А она не сразу поняла даже, не сразу оторвала взгляд от экрана, а когда сделала это, Олег поразился непривычному, нехарактерному для ее взгляда сухому блеску, в котором увиделось ему негодование и отчуждение. И он сразу же покорно опустился на место.

Пытался вникнуть в происходящее на экране, однако это было делом совершенно безнадежным. Тому обрадовался, что кто-то из сзади сидящих произнес слово «Эсмеральда», — узнал хоть, кто тут главная героиня. И продолжал изумляться: «Неужто впрямь Виолетту интересует это?» Покосился краешком глаза на нее и даже испугался: что с ней — до крови прикусила верхнюю губу, глаза полны слез, и никого не видит и не слышит она вокруг, даже и его, не украдкой, а прямо на нее обращенного взгляда не чувствует? Олег оглянулся назад — еще несколько зрителей и зрительниц, человек около десяти и все вроде бы не молодые, во всяком случае, много старше их с Виолеттой.

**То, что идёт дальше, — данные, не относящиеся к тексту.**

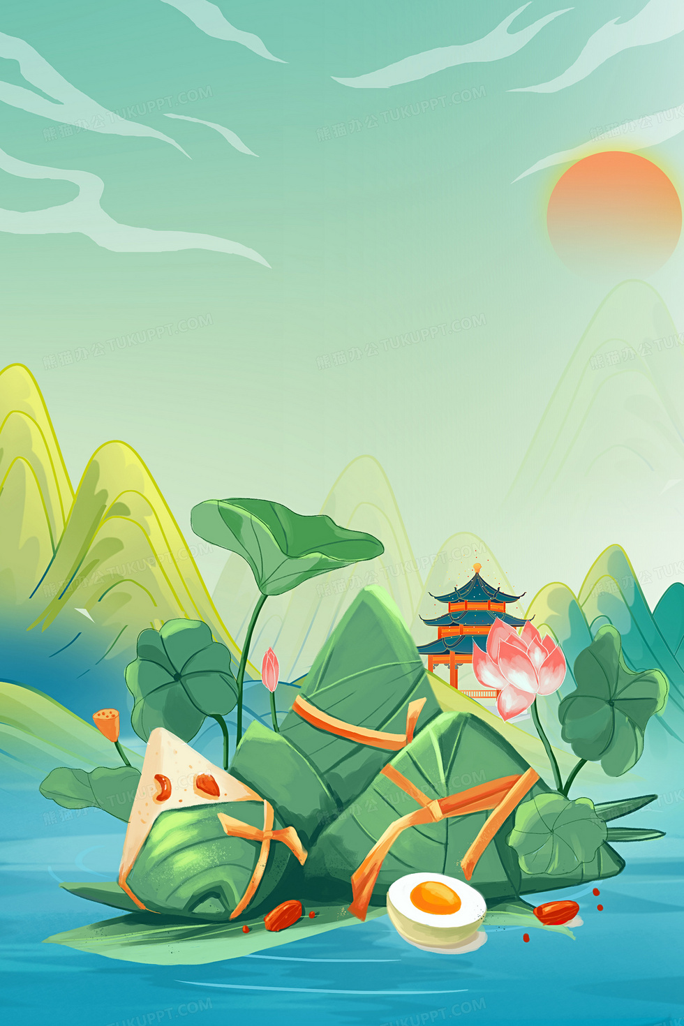 本作品内容为创意国潮风端午节粽子背景, 格式为 psd, 大小86 MB, 图片尺寸为3543 x 5315, 作品中背景图片无需修改, 源文件无水印,可以直接使用, 欢迎使用熊猫办公。 如认为平台内容涉嫌侵权,可通过邮件:tousu@tukuppt.com提出书面通知,我们将及时处理。
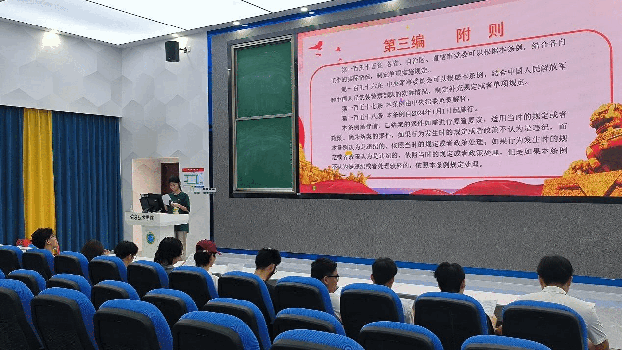 活动伊始,公司员工党支部以《中国共产党纪律处分条例》为学习读本,进行条例【第三编—附则】的学习。会议前期,同学们自行阅读,对本次会议学习的内容有了初步了解,随后,入党积极分子谢俊音同学担任领读人,带领同学们齐声朗读条例第三编,引导同学们进一步增强政治意识,自觉遵守条例、贯彻条例、实施条例,提升党性修养和遵规守纪的自觉性。

Смотрят спектакль молча, внимательно, однако заметили, что Олег головой вертит, вопросительно кинули взгляды на него и, не найдя ответа, снова уткнулись в телевизор.

А Виолетта не только взгляда его на себе не почувствовала, но не заметила, как Олег невзначай будто бы, но весьма выразительно и властно коснулся рукой ее круглого обтянутого вельветом колена. Снова покорно притих, вздохнул украдкой, но тут, на его счастье, спектакль и кончился. Олег готов был вскочить с радостным криком, но сдержал себя, поднялся степенно, как это делают зрители первых рядов театра оперы и балета, уже и руку протянул Виолетте, чтобы она оперлась на нее. Кто-то из зрителей задних рядов включил свет, и вдруг Виолетта принялась рыдать, громко, безутешно, с обильными слезами.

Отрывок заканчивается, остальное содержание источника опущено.